The Court is also not persuaded by the remaining arguments offered by GM with respect to the manner in which CLE staffed this case, whether tasks could or should have been completed by clerical staff rather than paralegals, whether any delay by CLE increased the time expended in this litigation, whether any “block billed” time is improper, and whether time expended on various tasks is accurate. To the extent there exists block billing in the records submitted by plaintiff, these entries are sufficiently itemized and not so vague so as to prevent the Court from determining whether the described tasks are compensable or whether the hours expended were unreasonable or excessive. (Heritage Pacific Financial, LLC v. Monroy (2013) 215 Cal.App.4th 972, 1010; Mountjoy v. Bank of America, N.A. (2016) 245 Cal.App.4th 266, 279.) There is also no information to show that other staff apart from paralegals could have completed tasks in a more efficient manner, or that the time spent by paralegals was not reasonable. (See Sundance v. Municipal Court (1987) 192 Cal.App.3d 268, 274-275 [general discussion of compensable paralegal time].)

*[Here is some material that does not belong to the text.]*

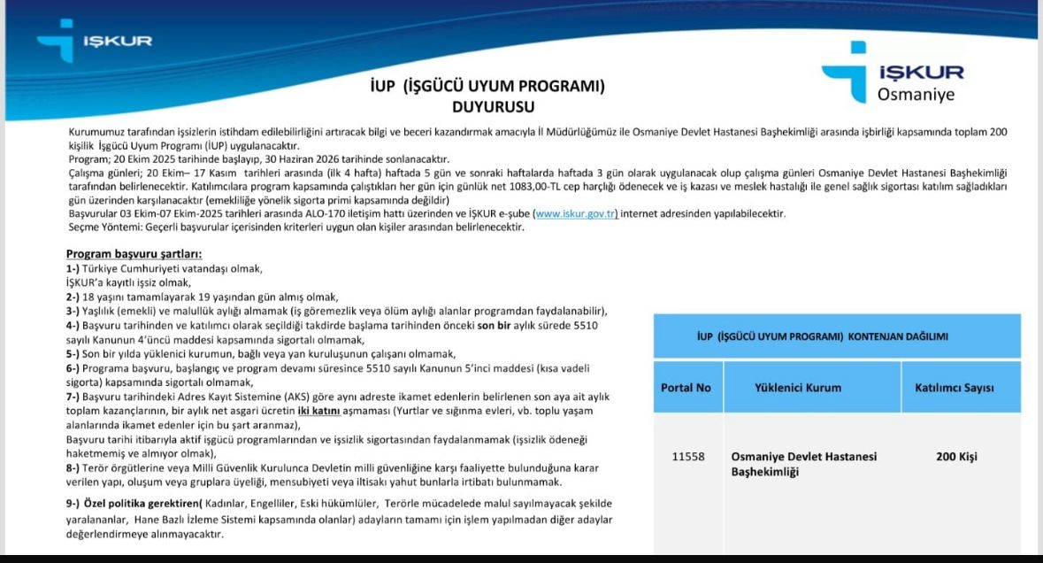 Osmaniye Merkez’de ikamet eden vatandaşlar için önemli bir istihdam fırsatı doğdu. Osmaniye Devlet Hastanesi bünyesinde görevlendirilmek üzere İŞKUR’un İşe Uyum Programı (İUP) kapsamında 200 kişilik kontenjan açıldı. Program, 20 Ekim 2025 – 30 Haziran 2026 tarihleri arasında yürütülecek.

The same analysis applies with respect to plaintiff’s request for additional fees for time to review, analyze, and draft a reply to the opposition of GM to the motion and to appear at the hearing. The declaration of attorney Jasmine Song (Song) submitted in reply shows that Song expended 6.3 hours to analyze the opposition of GM to the motion and to draft the reply. (Song Decl., ¶ 7.) The Court finds that 6.3 hours for these tasks at Song’s hourly rate of $415 is reasonable.
For all reasons further discussed above, the Court finds that an award of attorney’s fees in the total amount of $55,427 is reasonable based on the hours spent by plaintiff’s counsel on this matter, counsel’s hourly rates, the nature of this litigation, plaintiff’s success, and counsel’s experience in the type of work demanded. (See In re Tobacco Cases I, supra, 216 Cal.App.4th at pp. 581-582, 587.) Therefore, the Court will grant the motion, in part, and award to plaintiff attorney’s fees in the amount of $55,427.
Plaintiff’s claim for costs:
In the motion, plaintiff also requests an award of costs in the amount of $1,598.59. As further detailed above, the Court’s records reflect that plaintiff filed a memorandum of costs on July 16, 2024. Although GM references a motion to strike costs in its opposition to the motion (see opp. at p. 4, fn. 1), there is no such motion on file with the Court or appearing in the Court’s docket for this action. The Court also has no record of the filing of a notice of entry of dismissal by any party to this action. Therefore, the Court will address any claim for costs made by plaintiff pursuant to the procedures set forth in California Rules of Court, rule 3.1700.